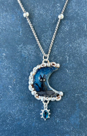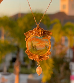 Included in the works I am submitting are jewelry pieces that are hand sculpted with polymer clay and hand painted using acrylic paint. I put them on a 14k gold chain and add a charm with different stones, from opals, to topaz and peridot.
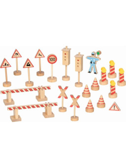 Znaki drogowe z drewna do zabawy dla dzieci Zestaw 21 szt Policjant Ole Goki
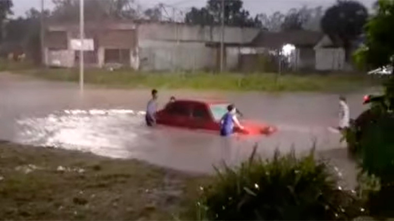 En videos virales, se puede observar cómo una auto quedó varado en medio de la avenida Entre Ríos, debió ser asistido para poder seguir su marcha.
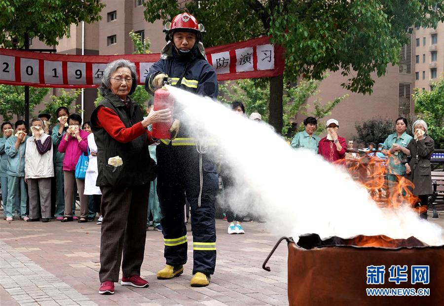 5月14日,养老院里的老年人在消防员的协助下学习使用灭火器材。 新华社记者 陈飞 摄
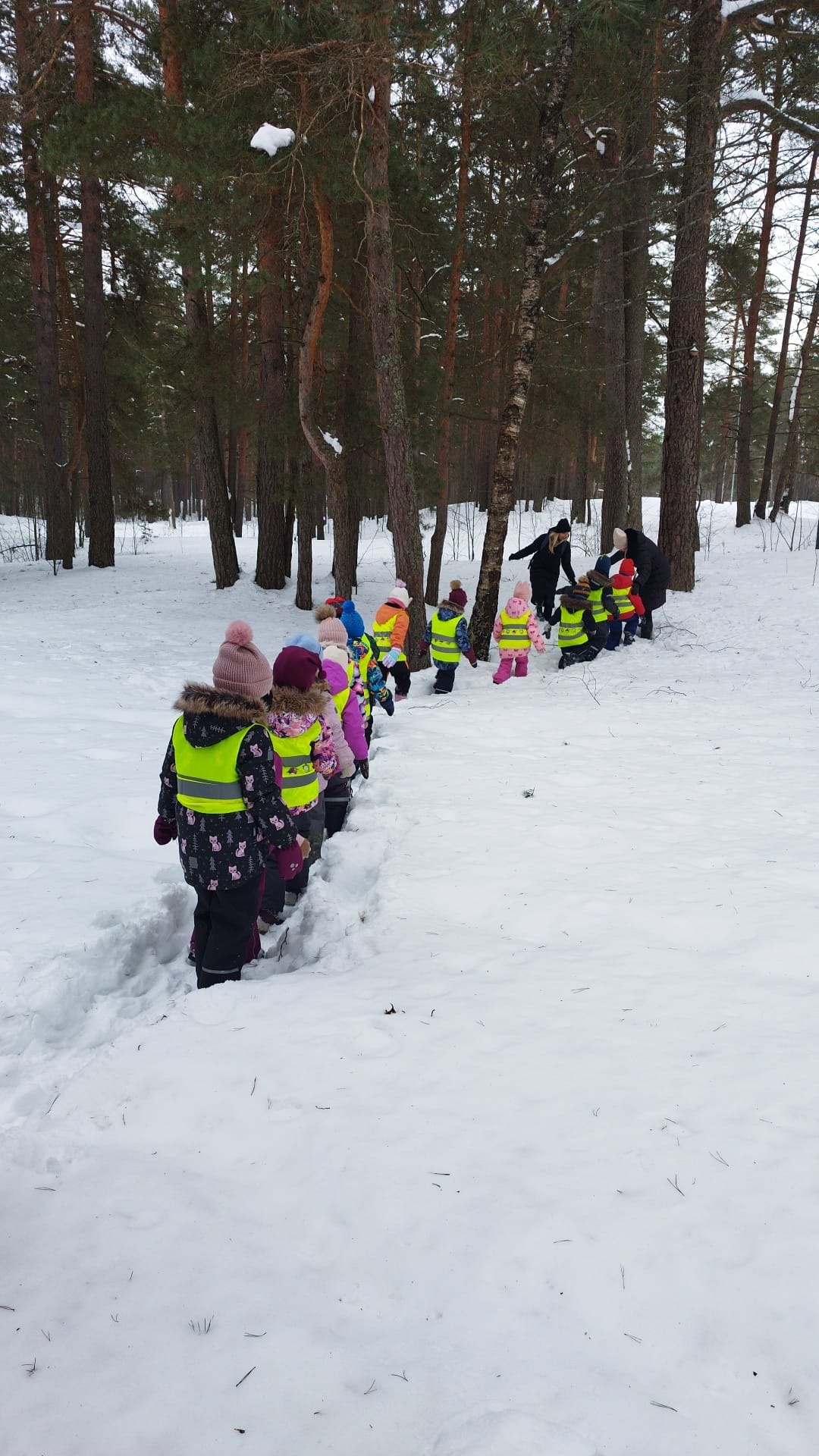 Mīļo Cūkmen, februāris mūs pārsteidza ar stipru salu un sniegu, un “Vabolītes” ļoti, ļoti gaidīja iespēju doties ziemas piedzīvojumā uz mežu.

**EXERCISE PROMPT**
Do not include images; quote all of the entries above exactly.

**YOUR SOLUTION**
 Included in the works I am submitting are jewelry pieces that are hand sculpted with polymer clay and hand painted using acrylic paint. I put them on a 14k gold chain and add a charm with different stones, from opals, to topaz and peridot.
 Znaki drogowe z drewna do zabawy dla dzieci Zestaw 21 szt Policjant Ole Goki
 En videos virales, se puede observar cómo una auto quedó varado en medio de la avenida Entre Ríos, debió ser asistido para poder seguir su marcha.
 5月14日,养老院里的老年人在消防员的协助下学习使用灭火器材。 新华社记者 陈飞 摄
 Mīļo Cūkmen, februāris mūs pārsteidza ar stipru salu un sniegu, un “Vabolītes” ļoti, ļoti gaidīja iespēju doties ziemas piedzīvojumā uz mežu.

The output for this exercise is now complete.